Саймон вел интенсивный летний курс. Ему оставалось работать еще неделю, но он любезно предложил прилететь на выходные, взять напрокат машину и отвезти меня домой, где я бы родила. Он прилетит в пятницу, а в воскресенье мы поедем в Лондон, но мысль об отъезде вызывала у меня панику. Мало того что у меня были финансовые проблемы, еще и раскопки шли далеко не так быстро, как я надеялась. На поверхности продолжали появляться все новые находки – фрагменты костей, обломки каменных орудий, следы обугливания. Так что дело продвигалось мучительно медленно, а иначе и быть не могло. Полностью получилось откопать только череп моей неандерталки, остальной скелет еще оставался в земле, и, судя по моему первоначальному проходу, было похоже, что вокруг ее тела были похоронены еще какие-то предметы – что-то на шее и что-то еще около тазовых костей.
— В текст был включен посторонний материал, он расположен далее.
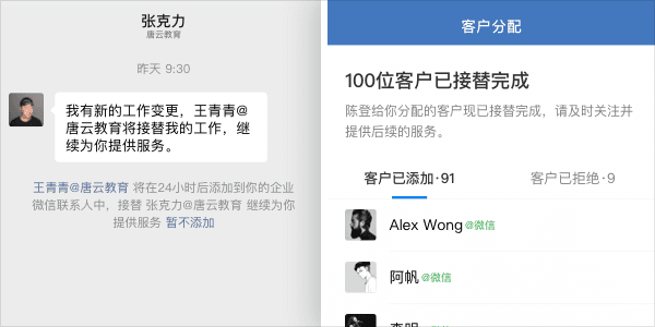 这时如果公司员工比较多,无法提供那么多的微信号,可以使用企业微信联系客户。因为企业微信有离职分配功能,一旦员工离职,管理员可以立即将离职员工的客户分配给其他同事服务。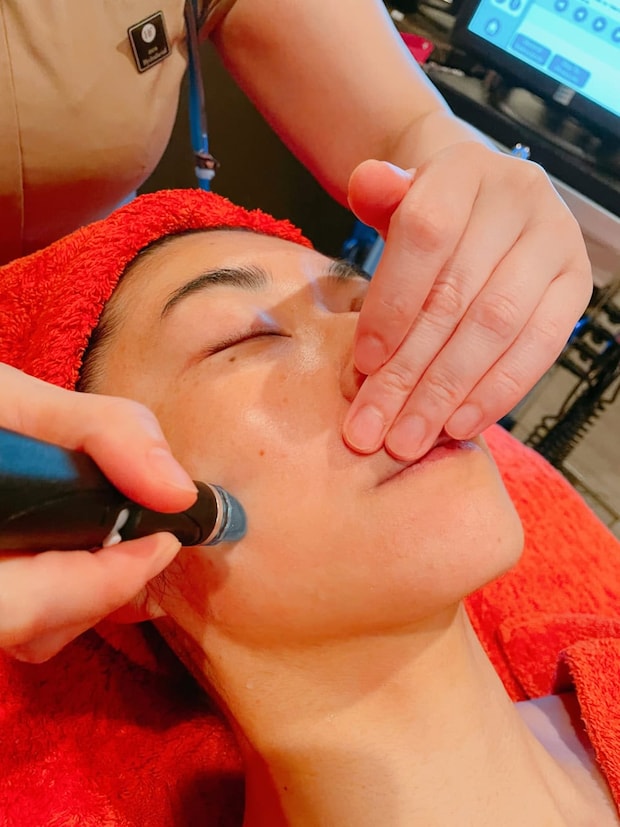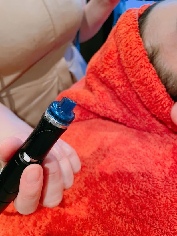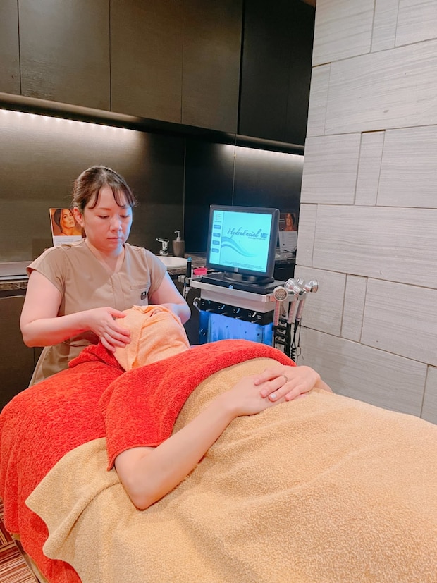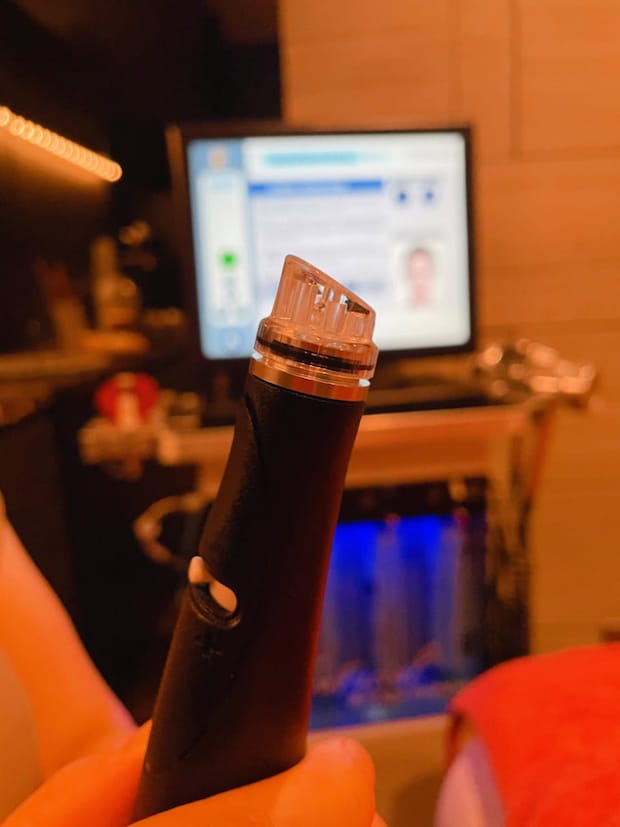 カウンセリングが終わったら、個室で着替えてハイドラフェイシャル施術のスタート! 乳酸で皮膚の皮脂と汚れを軟らかくし、特殊なチップで吸引していきます。私はとくに刺激を感じることはありませんでしたが、皮膚が薄い人は多少ピリッとした刺激があることもあるそう。

Я отчаянно хотела сама откопать их. А необходимость поскорее закончить росла, потому что в среде палеоархеологов уже пошли слухи о наших раскопках. Мне пришлось отражать целый поток просьб о разрешении приехать.
Энди высадил меня в Валлон-Пон-д’Арк, в маленьком переулке, где Кейтлин сняла временную квартиру. Я приехала туда на час раньше, чтобы успеть прийти в себя к приезду Саймона. Мне не хотелось представать перед ним такой растрепой, какой я обычно ходила. У команды был в городе еще один дом побольше, где многие ночевали почти каждую ночь. Во многих отношениях он был удобнее, чем временная квартира, но мне было необходимо личное пространство. Там я могла сосредоточиться на Саймоне, и я не хотела, чтобы он видел, какой я становлюсь распустехой, когда перестаю за собой следить.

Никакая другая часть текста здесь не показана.